Sunday, August 14, 2011

Obsessed with Books

That's me.  I have one in hand to read at home and one on pause in the car for the drive to work.  Heaven forbid they are similar.  Then I am mightily confused for a few minutes until the plot moves to the surface of my brain and I am fully engaged.  While I prefer reading words on paper, shifting the book slightly as I turn to the next page, there are times when a really good narrator can leave me breathless with suspense. 

I am not sure how I feel about technology offering a different, less tactile way to peruse words.  I can see the benefits of eReaders on a long plane trip.  It is compact and can hold a plethora of books.  I assess my stash when I travel, shelving heavy tomes in favor of several thinner ones which can slip in my bag.  As one is finished, it is left at the airport or on a train for another person to pick up.  That is part of the pleasure of books.

Just as I prefer not to 'smarten up' my phone, I am resistant to embrace yet another generation of computer-driven machines which move me away from my page turners and have me staring at an impersonal screen.  Sitting at a computer most of the workday, exploring the web occasionally at night is enough for me.  Not saying I might not give it a whirl someday when faced with an eight hour flight - I am just saying...

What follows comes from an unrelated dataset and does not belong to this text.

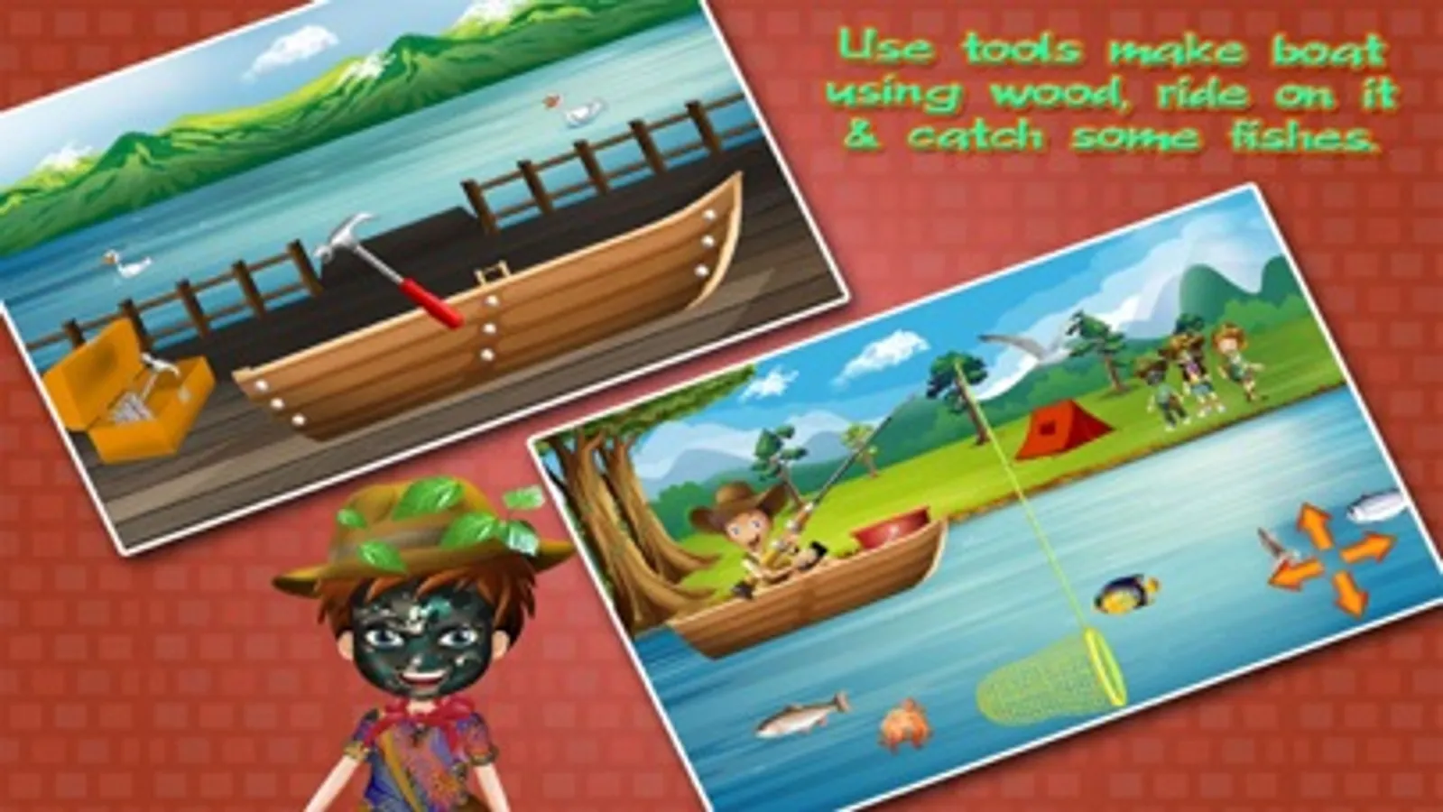 After reaching to the camping spot you will be setting up the tent in the beautiful grassy and pleasant area where the kids will be residing. After setting up the tent you an exciting job to do and that is fishing, you will have the fishing rod and other important equipment for fishing and boat making, you will be using wood logs, nails and hammer to build up the boat in the boat maker level. After building the boat take to the lake and catch some big fishes. After catching fishes to cook and to spend the night in peace you will be setting up the fire using wood and logs. Once the fire lits up. You will be helping the Monna with some cooking, help her barbecue the fish for their dinner outside the summer camp. Take the little kid Jack to the fruits garden where you will be helping him to catch the fresh farm fruits for the dinner. Arrange the table and serve the family with the delicious food and barbecue. Let them have a good night's sleep.

I just finished The Help by Kathryn Stockett.  It was riveting.  I took Friday off to work in the garden - such clear blue, fantastically bright summer days are a treasure and I don't waste one of them.  In between battles with tenacious weeds, I sat in the shade with a glass of Lady Gray iced tea and read.  I started it on Friday and finished it Sunday afternoon.  It was hard to put down.  You must give it a read.  It has made me more than ever aware of my blinders.  Sometimes I can be so unaware.  I want to know more - I want to learn about other cultures, other lives.

I applaud friendships which develop between unlikely partners.  I am saddened by the reserve I observe in those who prefer to limit their involvement - sometimes for the whole of their lives.  I abhor the injustice that man heaps upon man in the name of righteousness (and I don't mean the religious kind).  Our relationships are complex and are the result of the effort we put into them.

Sunday, August 7, 2011

Meadow Pond

The last few strokes of paint feel like a symphony's final notes.  Cymbals crash and the notes rise to a crescendo until they fade away and you are left with their sweet tone vibrating in your mind's deepest recesses. 

This painting started out very differently.  Aiming for a spare and serene vista, it evolved over time into a remembered pond from my childhood - at least a fictionalized version of it since it is no longer there except in my mind's eye.

I spend summer hours floating on a makeshift raft someone had made and tied to a branch pounded into the soft earth on the edge of a nearby pond.  This usually involved getting my toes squishy with mud and pulling off the occasional leach, but I was young and I really wanted to float on that raft.  It was in a field not far from our house.  Not big but ample in size for a short float with a good book.

In this version, I can hear the laughter of children splashing and frogs heading for cover in the reeds to observe the activity from a distance.  A path worn by animals or humans - perhaps both - winds its way along the shore, grass closely cropped by the many footfalls.  The clear vibrant day, like so many I have known, welcomes all comers to linger at its shores.